(EXERCISE DATA begins)

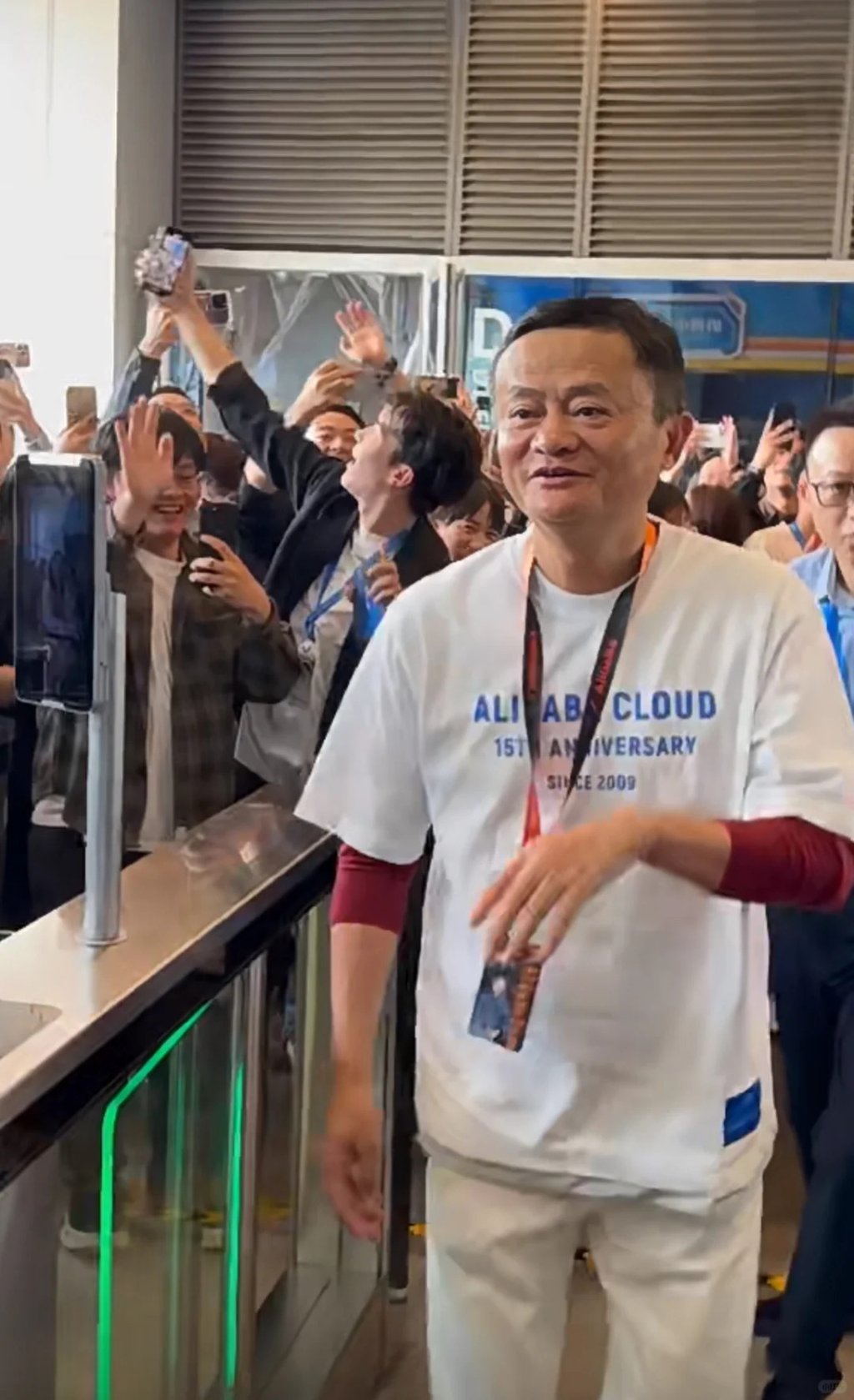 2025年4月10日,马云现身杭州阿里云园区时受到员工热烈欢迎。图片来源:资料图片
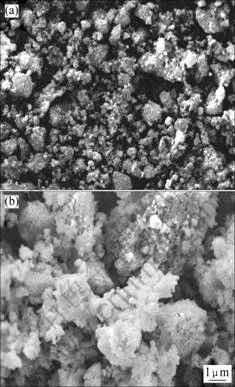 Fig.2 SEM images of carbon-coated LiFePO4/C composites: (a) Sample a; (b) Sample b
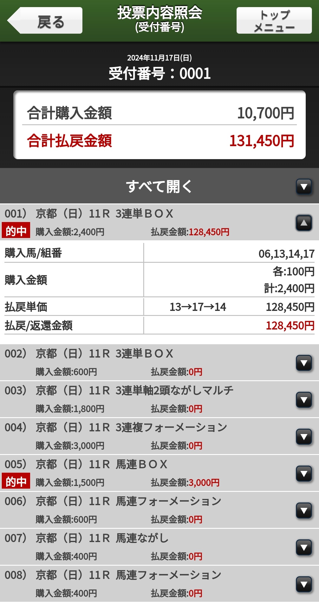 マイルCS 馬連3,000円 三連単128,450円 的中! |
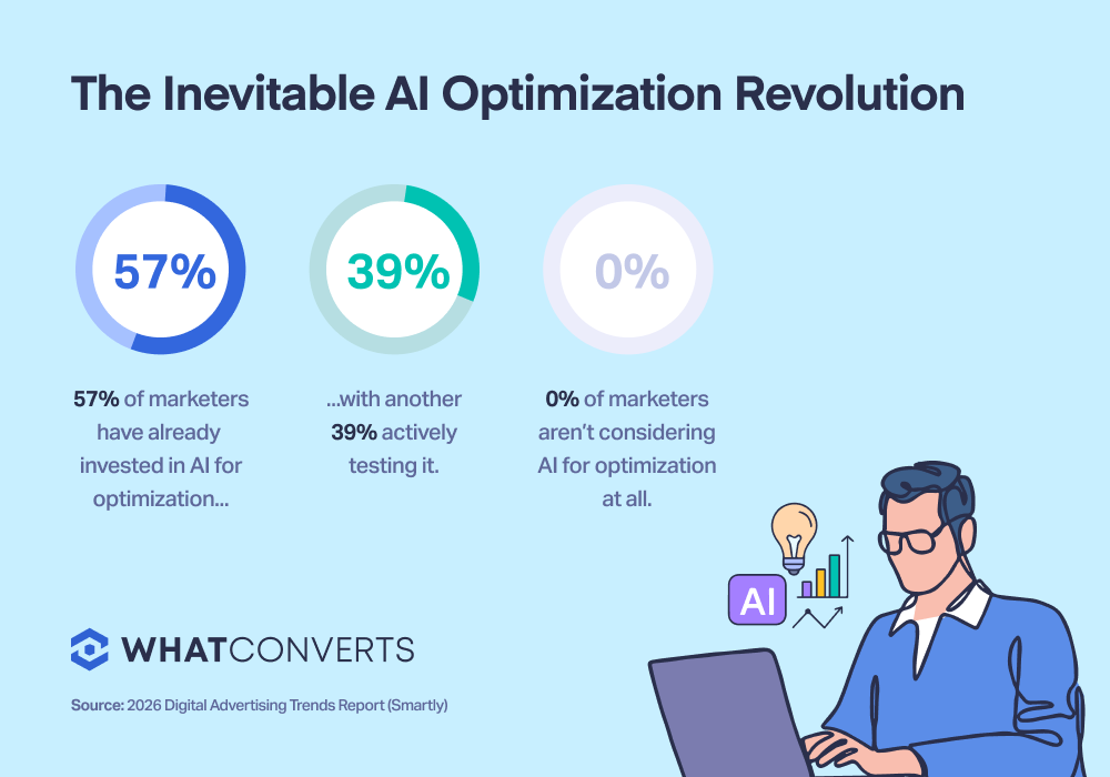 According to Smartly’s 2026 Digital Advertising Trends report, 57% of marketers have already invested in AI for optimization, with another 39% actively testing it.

(EXERCISE DATA ends)
(EXERCISE DATA begins)

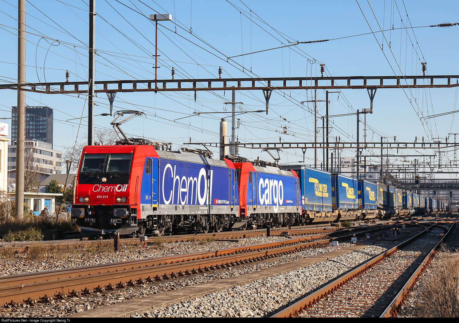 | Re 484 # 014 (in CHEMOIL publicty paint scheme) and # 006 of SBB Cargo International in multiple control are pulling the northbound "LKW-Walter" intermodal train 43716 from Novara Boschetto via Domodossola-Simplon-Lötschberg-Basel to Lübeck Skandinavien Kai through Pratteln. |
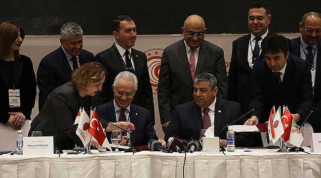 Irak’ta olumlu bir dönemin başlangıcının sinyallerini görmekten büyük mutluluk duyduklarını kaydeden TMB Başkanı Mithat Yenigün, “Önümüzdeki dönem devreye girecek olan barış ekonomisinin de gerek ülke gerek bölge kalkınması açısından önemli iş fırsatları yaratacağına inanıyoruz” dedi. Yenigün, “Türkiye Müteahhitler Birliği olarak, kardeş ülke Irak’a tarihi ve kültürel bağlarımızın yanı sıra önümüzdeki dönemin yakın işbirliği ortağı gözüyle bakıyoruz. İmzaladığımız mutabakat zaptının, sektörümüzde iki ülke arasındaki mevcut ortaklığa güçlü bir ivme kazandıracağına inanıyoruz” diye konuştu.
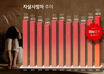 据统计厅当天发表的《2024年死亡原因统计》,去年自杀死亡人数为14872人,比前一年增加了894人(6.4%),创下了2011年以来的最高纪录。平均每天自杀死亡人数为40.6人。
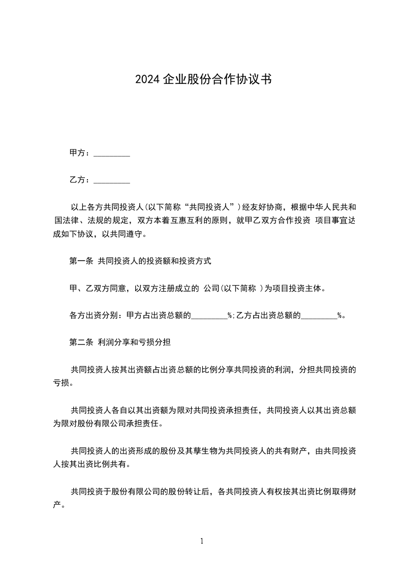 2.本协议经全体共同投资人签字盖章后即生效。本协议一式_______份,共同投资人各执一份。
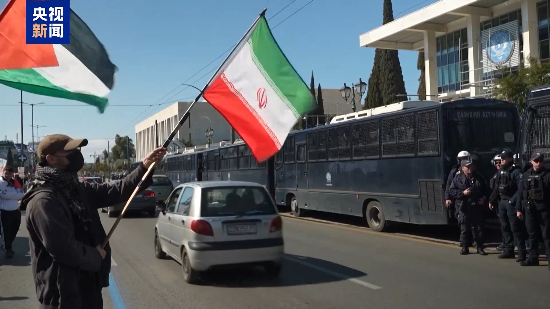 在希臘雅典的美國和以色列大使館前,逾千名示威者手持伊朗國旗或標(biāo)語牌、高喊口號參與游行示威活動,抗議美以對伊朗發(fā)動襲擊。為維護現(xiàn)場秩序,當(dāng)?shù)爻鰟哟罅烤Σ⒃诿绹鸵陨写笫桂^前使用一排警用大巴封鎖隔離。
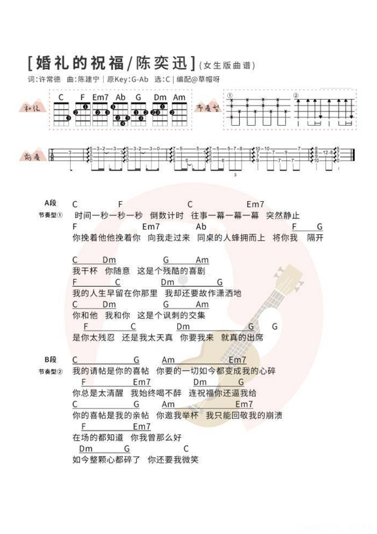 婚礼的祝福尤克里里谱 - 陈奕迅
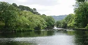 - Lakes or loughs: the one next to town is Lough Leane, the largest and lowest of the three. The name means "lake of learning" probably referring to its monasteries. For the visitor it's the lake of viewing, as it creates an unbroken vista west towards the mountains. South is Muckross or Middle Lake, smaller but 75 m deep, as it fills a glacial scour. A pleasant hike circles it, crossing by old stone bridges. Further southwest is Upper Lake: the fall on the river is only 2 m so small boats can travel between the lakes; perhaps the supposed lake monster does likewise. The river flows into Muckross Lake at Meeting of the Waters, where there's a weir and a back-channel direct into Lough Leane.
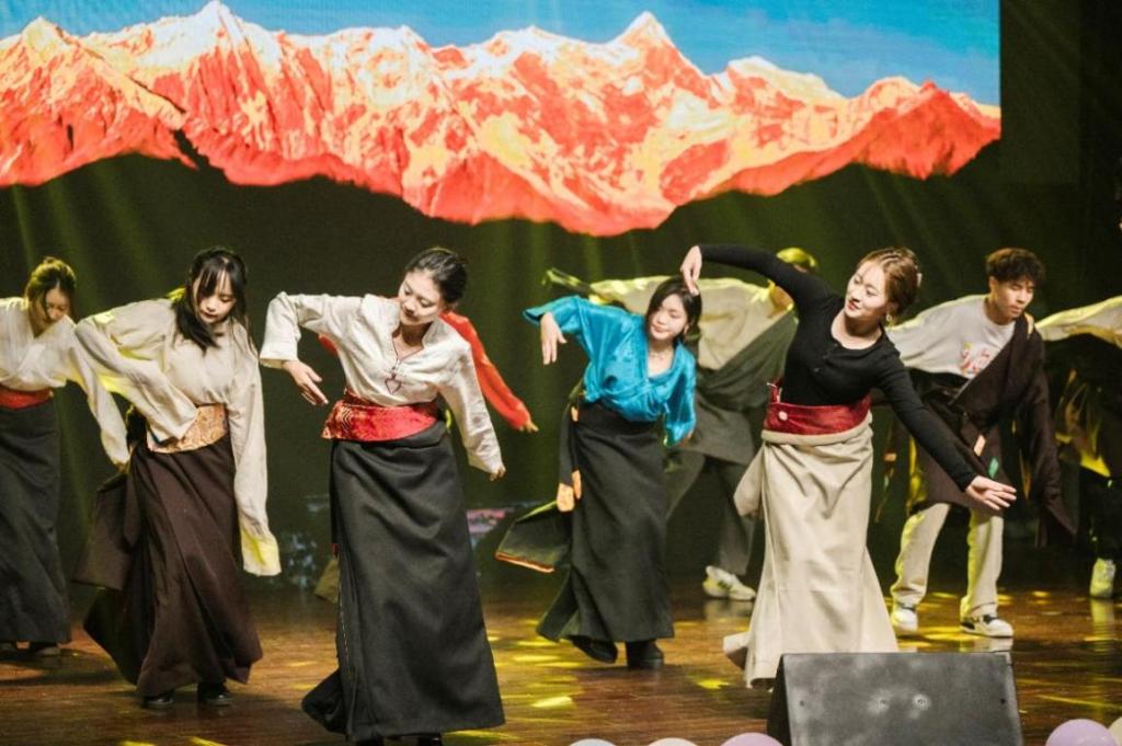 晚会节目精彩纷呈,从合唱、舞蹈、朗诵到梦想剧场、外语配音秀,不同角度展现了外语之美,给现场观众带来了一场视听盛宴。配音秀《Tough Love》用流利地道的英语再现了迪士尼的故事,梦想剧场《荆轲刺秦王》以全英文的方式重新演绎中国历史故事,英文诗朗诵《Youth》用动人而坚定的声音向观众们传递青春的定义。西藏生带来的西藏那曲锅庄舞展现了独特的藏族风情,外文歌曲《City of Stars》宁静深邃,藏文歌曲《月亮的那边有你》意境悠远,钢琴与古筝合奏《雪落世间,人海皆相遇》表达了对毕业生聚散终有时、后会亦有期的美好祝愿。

(EXERCISE DATA ends)

(THE TASK): Go to the line above that has "Irak’ta olumlu bir" and copy exactly from there down to the line that has "婚礼的祝福尤克里里谱 - 陈奕迅", both included. Leave the pictures out.

(SOLUTION):
 Irak’ta olumlu bir dönemin başlangıcının sinyallerini görmekten büyük mutluluk duyduklarını kaydeden TMB Başkanı Mithat Yenigün, “Önümüzdeki dönem devreye girecek olan barış ekonomisinin de gerek ülke gerek bölge kalkınması açısından önemli iş fırsatları yaratacağına inanıyoruz” dedi. Yenigün, “Türkiye Müteahhitler Birliği olarak, kardeş ülke Irak’a tarihi ve kültürel bağlarımızın yanı sıra önümüzdeki dönemin yakın işbirliği ortağı gözüyle bakıyoruz. İmzaladığımız mutabakat zaptının, sektörümüzde iki ülke arasındaki mevcut ortaklığa güçlü bir ivme kazandıracağına inanıyoruz” diye konuştu.
 据统计厅当天发表的《2024年死亡原因统计》,去年自杀死亡人数为14872人,比前一年增加了894人(6.4%),创下了2011年以来的最高纪录。平均每天自杀死亡人数为40.6人。
 2.本协议经全体共同投资人签字盖章后即生效。本协议一式_______份,共同投资人各执一份。
 在希臘雅典的美國和以色列大使館前,逾千名示威者手持伊朗國旗或標(biāo)語牌、高喊口號參與游行示威活動,抗議美以對伊朗發(fā)動襲擊。為維護現(xiàn)場秩序,當(dāng)?shù)爻鰟哟罅烤Σ⒃诿绹鸵陨写笫桂^前使用一排警用大巴封鎖隔離。
 婚礼的祝福尤克里里谱 - 陈奕迅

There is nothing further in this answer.